Now let's look at my own understanding. I believe that people with autism feel emotions extremely keenly, but not necessarily in ways tat observers recognise as valid. The often deadpan expression is because they have never been properly taught that facial expression and body language is a method of communication. But with difficult child 3, his older sister easy child used to play a game with him when he was a toddler, where we would say an emotion and make the matching facial expression, then get difficult child 3 to copy it. So on demand difficult child 3 learned the facial expressions to match "happy", "sad", "angry" and so on. So by the time he started school, if difficult child 3 was feeling angry he would deliberately put on his angry face in order to communicate this to the teacher. But it looked so fake that his teacher had difficulty realising that the emotion displayed, while looking fake, was actually felt as real.

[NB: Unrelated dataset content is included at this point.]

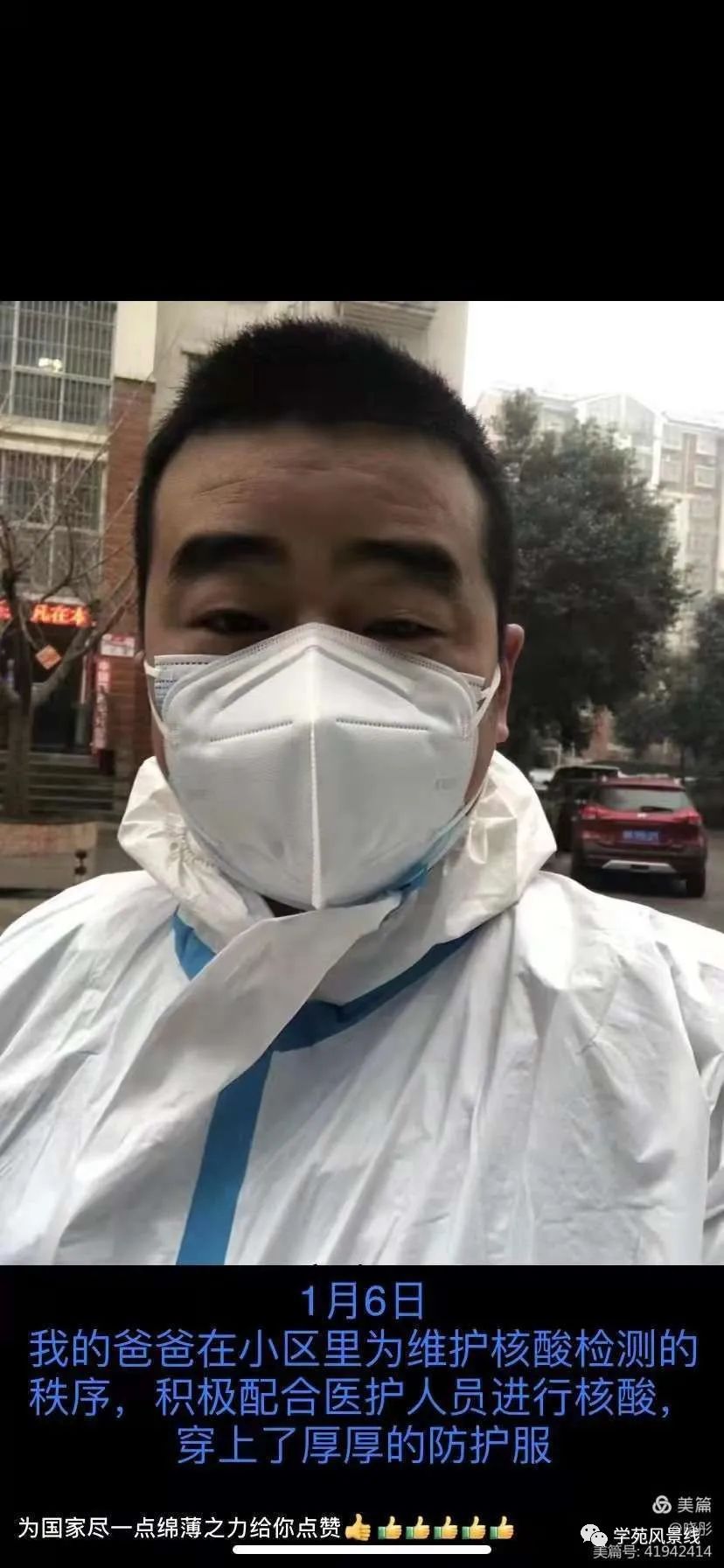 八六班高钰奇家长穿上厚厚的防护服维持小区居民核酸检测秩序。

difficult child 3 is also very outgoing, he always has sought out people and willingly approached total strangers in order to instigate social interaction. This seems contradictory for someone with autism; but the social problems come about because difficult child 3, although outgoing, is still socially inept and often inappropriate.

All I'm saying here - in trying to determine a diagnosis, often you need to be broadminded and prepared to think outside the square.

But when trying to ensure your child's needs are met (not always the same thing as getting a good diagnosis and medications) you need to focus more specifically on your own child and where he can excel, what he is interested in, and where he is struggling. Use the strengths and abilities to try to overcome the problems. Also you as parent have to be confident in your own knowledge and abilities when it comes to your own child. It can take a lot of personal sacrifices, but if you consider your efforts to be an investment in your child's future, it is a lot easier to justify the effort and not feel so resentful. We have a fairly narrow window of opportunity to help our kids, before they are legally adults and out of our reach. All we can do is the best we can, in the time we have.

We are home-schooling difficult child 3 (in a way) via a state-based correspondence school. As I said, difficult child 3 is socially outgoing and also because he is autistic, homeschooling was greatly resisted by the education department. difficult child 3 is also very strong-willed and resists my teaching him. However, tis is working for us better tan anything else. It's as if he is finally learning anything at all, he learned noting while in mainstream. Well, a nothing - mainstream taught him tat his lot in life is to be bullied. He also learned some bad habits socially from the bullies.

So for us, this works. But it works because difficult child 3 has a lot of control over his own education. He has standards to meet but within those, I let him choose what subject to work on and when. If he is falling too far behind in one area because he is preferring a different subject, he soon makes the choice to balance things out so he is working at about the same level for all subjects.

"Explosive Child" is a brilliant book which helped us a great deal, especially in putting together a good system to get him working well at home. On the social side - when school hours finish and other neighbourhood kids come home from school, difficult child 3 has finished his academic workload and is ready to go play. When he was in mainstream, he was coming home with loads of homework, which was made up from all the work he had not been able to complete during the day. Now, he is far freer to socialise than before. also he sometimes accompanies me on shopping outings which gets him mixing with members of the public in a standard life skills environment, so he is learning practical socialising and also helping me buy the groceries!

Anyway, welcome and let us know how you're getting on.